Saturday, October 4, 2008

Essential Questions and Connecting to the World

It has been an interesting exercise for my teaching brain to focus my course on essential questions this year. I knew it would be great for the class itself because I had worked with smaller unit questions last year to really good results. What I realized very quickly though was I had to integrate the essential questions into my daily lessons or my students (and probably me too) would forget they even existed. My students are now finishing their first theme (Utopias and Dystopias), and I think the questions are second nature to them. I am curious to see in the next unit if I can be less overt about the questions and if my students will then take over connecting them. I suppose this all goes back to good teaching in general -- a teacher works hard at the start of the year to create the classroom climate that underpins the whole year. Using essential questions turned out to be no different.

As we were bringing together our utopia study this week, I was trying to drive home even more directly our question about how reading world literature would make us world citizens who think. So, I told my class that they had seen me bring in real-world connections to our studies through magazine, newspaper, and web articles I had come across. I wanted to let them know that THEY could be the ones doing this. Well, what do you know -- I had two students bring in connections the very next day. We had a great time looking at them -- one is the picture at the opening of this post (she promises she was not moving when she snapped the photo of the car in front of her!) and one was this article.
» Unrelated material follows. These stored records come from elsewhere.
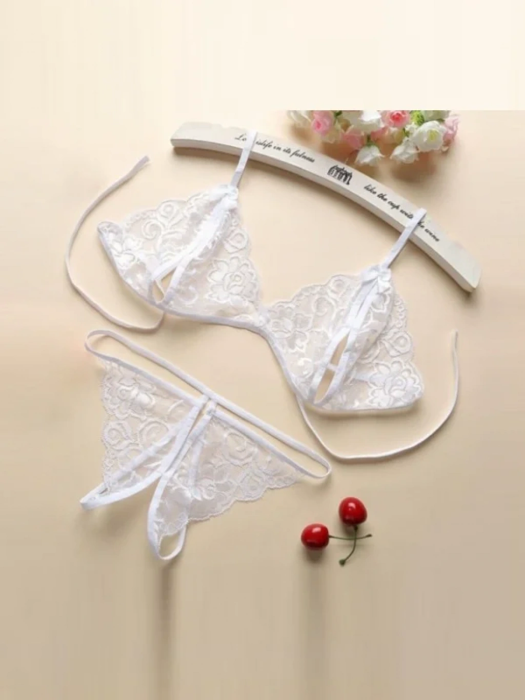 Fantezi Beyaz Dantelli Seksi Sütyen Kilot Takım
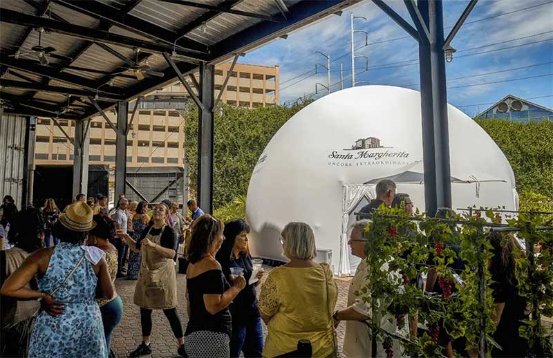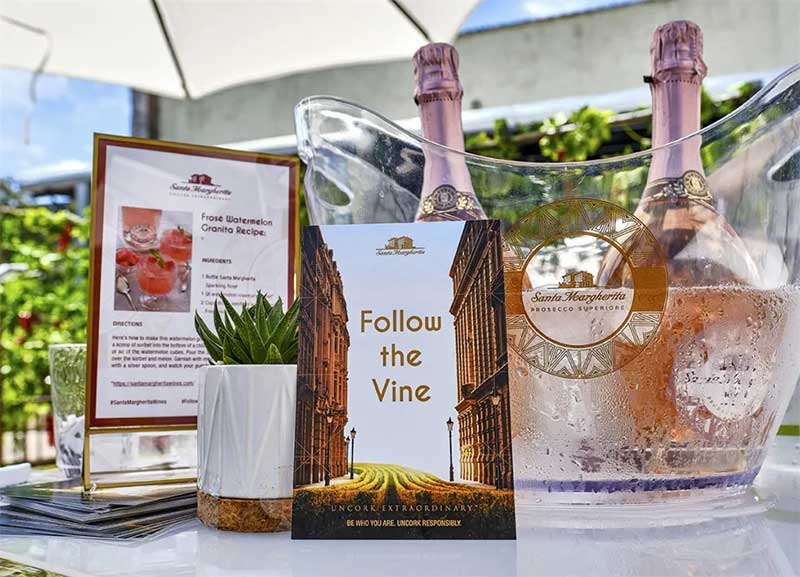 活动现场搭建了一个简易的“葡萄园迷宫”,沉浸在“葡萄迷宫”中的客人在每一个角落,都会发现圣玛格丽塔鸡尾酒的惊喜和与食物独特搭配。在迷宫的尽头,一个圆顶“剧场”让客人沉浸在一个美丽而壮观的品牌故事演绎中。在这里,客人们在品鉴师的引导下,品尝了圣玛格丽特的四种葡萄酒。
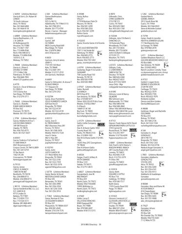 A 39588 Garza, Rufino VALLEY 3779 N Bentsen Palm Dr Mission, TX 78574 Res: 956/581-3299 Bus: 956/580-2502 Rnch: 956/581-3299 Rufino Garza rvprufino@aol.com A 102035 Garza, Vicente Garza Jr & Vicente O 4 DE JULIO BEEFMASTER 1501 S. Val Verde Rd Edinburg, TX 78542 Res: 956/605-2773 Rnch: 956/605-2773 Mobile: 956/739-1492 garza_vicente@hotmail.com L 63795 (Lifetime Member) Gaskamp, Roger H. & Carole J. GASKAMP 758 County Road 163 Kenedy, TX 78119 Res: 830/583-9798 Bus: 830/583-9881 L 97507 (Lifetime Member) Gates, Burnell G 4 RANCH 8410 Hwy 87 E San Antonio, TX 78263 Bus: 210/648-5071 Other: 830/220-0579 Kris Fore Mobile: 210/422-9467 G 4 Ranch 14449 E F M 140 Big Foot, TX 78005 Kris Fore - Ranch Forman burnell@bgmetals.com L 41579 (Lifetime Member) Gattis Cattle Company GATTIS Dan A. & Karen Gattis 1850 County Road 105 Hutto, TX 78634-3133 Bus: 512/809-1001 Dan M. & Shana Gattis 512/5851686 10265 Hwy 29 E Georgetown, TX 78626 Dan A & Karen Gattis gattiscattle@gmail.com A 68326 Geiger, Fred E. & Mary R. VISTA GRANDE PO Box 1231 Salado, TX 76571 Res: 512/751-4672
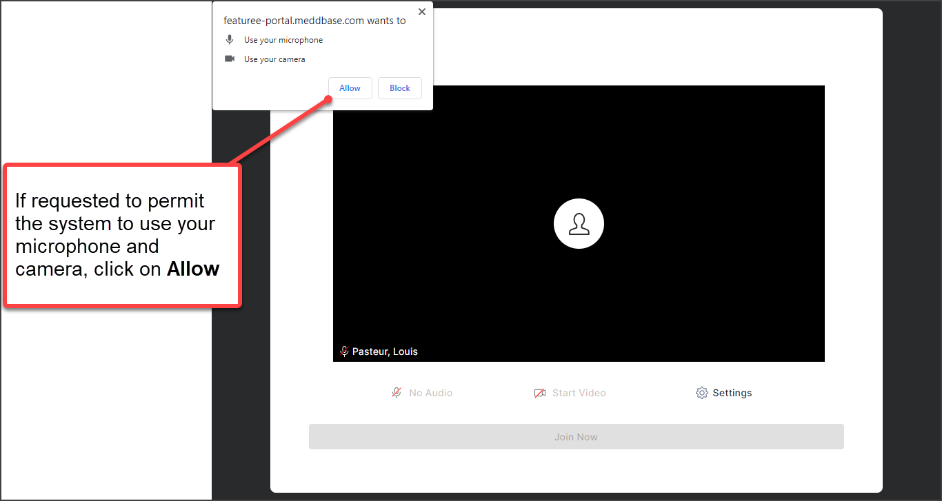 6. If requested, permit the system to Use your microphone and Use your camera by selecting Allow

In the end, all of my students' interesting essential question work and the real-life connections they are making just proves to me again that students will achieve at the level you expect them to. They will do amazing things when they believe you believe they can.

1 comment:

  1. I love the last line of your post. Well, no, I love all of it. I have tried to remember to remind my students about why we are studying short stories--and it has paid off in their writing. I wouldn't have thought to do that without going back to that essential question this year.